▶ About this exercise
In the material below, count the lines where the word "不忘初心" appears. Nothing but the number, please.

▶ Input data
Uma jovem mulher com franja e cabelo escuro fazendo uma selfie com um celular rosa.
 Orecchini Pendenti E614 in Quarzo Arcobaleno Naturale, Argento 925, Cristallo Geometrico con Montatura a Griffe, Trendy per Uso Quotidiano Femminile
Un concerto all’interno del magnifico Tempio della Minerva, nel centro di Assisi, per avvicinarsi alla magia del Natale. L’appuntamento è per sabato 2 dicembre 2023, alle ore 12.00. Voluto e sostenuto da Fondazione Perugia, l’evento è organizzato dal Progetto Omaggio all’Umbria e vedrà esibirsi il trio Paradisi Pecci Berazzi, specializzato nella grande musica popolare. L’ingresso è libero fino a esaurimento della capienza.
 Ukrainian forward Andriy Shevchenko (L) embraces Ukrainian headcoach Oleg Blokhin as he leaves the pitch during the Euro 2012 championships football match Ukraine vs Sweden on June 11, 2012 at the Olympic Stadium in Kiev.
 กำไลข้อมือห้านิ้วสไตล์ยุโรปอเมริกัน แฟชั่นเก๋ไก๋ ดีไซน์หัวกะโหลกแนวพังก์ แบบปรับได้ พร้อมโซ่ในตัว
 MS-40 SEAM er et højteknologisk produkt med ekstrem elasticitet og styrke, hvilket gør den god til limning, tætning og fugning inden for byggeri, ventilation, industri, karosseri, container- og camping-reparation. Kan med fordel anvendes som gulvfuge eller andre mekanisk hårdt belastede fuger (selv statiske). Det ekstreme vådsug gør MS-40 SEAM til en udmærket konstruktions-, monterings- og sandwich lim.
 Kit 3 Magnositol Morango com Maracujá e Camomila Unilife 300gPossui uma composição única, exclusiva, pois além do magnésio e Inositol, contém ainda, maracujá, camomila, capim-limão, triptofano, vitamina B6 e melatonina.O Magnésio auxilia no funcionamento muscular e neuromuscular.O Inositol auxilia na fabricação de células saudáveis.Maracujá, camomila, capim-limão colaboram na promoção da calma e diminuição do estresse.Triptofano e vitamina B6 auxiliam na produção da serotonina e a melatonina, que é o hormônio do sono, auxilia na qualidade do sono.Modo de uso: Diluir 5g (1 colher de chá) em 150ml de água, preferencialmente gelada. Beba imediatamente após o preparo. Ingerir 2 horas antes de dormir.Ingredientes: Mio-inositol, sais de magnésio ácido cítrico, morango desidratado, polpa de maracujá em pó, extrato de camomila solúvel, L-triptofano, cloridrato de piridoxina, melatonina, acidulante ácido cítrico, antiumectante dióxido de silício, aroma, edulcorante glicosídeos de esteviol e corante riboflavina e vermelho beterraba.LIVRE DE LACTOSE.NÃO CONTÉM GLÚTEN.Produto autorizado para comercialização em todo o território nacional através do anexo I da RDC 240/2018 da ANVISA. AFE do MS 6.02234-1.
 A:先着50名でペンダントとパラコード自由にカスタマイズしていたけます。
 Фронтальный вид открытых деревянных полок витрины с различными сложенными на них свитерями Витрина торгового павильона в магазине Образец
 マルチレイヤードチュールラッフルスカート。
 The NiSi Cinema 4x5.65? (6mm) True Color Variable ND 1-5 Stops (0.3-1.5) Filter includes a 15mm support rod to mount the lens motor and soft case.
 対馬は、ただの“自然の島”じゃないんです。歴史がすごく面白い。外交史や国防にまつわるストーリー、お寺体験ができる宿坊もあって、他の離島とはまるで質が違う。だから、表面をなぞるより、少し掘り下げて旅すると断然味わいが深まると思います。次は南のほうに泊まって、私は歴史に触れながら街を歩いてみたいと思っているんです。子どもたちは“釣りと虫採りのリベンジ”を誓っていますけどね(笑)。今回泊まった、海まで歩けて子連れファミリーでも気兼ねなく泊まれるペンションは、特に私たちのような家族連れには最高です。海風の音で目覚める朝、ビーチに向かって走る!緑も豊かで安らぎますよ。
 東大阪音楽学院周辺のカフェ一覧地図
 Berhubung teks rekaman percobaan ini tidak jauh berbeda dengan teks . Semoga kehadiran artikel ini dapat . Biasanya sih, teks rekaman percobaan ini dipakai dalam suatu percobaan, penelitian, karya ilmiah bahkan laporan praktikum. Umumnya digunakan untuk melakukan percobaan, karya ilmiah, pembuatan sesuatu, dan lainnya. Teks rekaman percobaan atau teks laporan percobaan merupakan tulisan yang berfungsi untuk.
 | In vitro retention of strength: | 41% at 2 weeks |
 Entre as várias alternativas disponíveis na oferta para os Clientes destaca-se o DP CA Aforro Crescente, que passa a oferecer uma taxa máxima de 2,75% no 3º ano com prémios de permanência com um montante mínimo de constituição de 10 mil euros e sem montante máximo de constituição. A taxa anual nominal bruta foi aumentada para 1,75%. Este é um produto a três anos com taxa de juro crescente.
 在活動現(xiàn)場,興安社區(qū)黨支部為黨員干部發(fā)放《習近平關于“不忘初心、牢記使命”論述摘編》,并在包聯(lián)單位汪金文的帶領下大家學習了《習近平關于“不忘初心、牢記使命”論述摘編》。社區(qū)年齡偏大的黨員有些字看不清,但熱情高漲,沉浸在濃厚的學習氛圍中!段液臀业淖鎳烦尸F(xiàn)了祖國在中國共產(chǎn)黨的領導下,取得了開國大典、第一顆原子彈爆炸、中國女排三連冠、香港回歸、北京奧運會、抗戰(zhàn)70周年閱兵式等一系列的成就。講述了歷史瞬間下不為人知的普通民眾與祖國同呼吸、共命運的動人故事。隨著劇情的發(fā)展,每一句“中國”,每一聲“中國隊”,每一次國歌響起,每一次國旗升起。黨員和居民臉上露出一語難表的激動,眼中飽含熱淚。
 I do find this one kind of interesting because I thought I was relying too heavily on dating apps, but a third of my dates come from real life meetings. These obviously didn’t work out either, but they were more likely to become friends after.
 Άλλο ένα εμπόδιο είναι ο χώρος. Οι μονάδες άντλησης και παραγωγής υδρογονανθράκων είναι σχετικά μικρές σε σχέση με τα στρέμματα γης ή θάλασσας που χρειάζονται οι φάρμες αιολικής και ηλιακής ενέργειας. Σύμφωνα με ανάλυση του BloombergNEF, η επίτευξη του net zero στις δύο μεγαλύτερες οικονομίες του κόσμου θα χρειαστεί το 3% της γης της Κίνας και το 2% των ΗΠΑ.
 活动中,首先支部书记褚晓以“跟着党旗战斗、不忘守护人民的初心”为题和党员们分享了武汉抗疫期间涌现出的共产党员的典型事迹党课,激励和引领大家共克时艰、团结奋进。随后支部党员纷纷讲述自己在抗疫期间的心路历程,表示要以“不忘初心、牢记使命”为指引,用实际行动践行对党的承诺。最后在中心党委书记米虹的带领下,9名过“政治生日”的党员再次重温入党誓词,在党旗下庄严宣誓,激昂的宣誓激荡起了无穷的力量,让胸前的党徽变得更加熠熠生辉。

▶ Written answer
2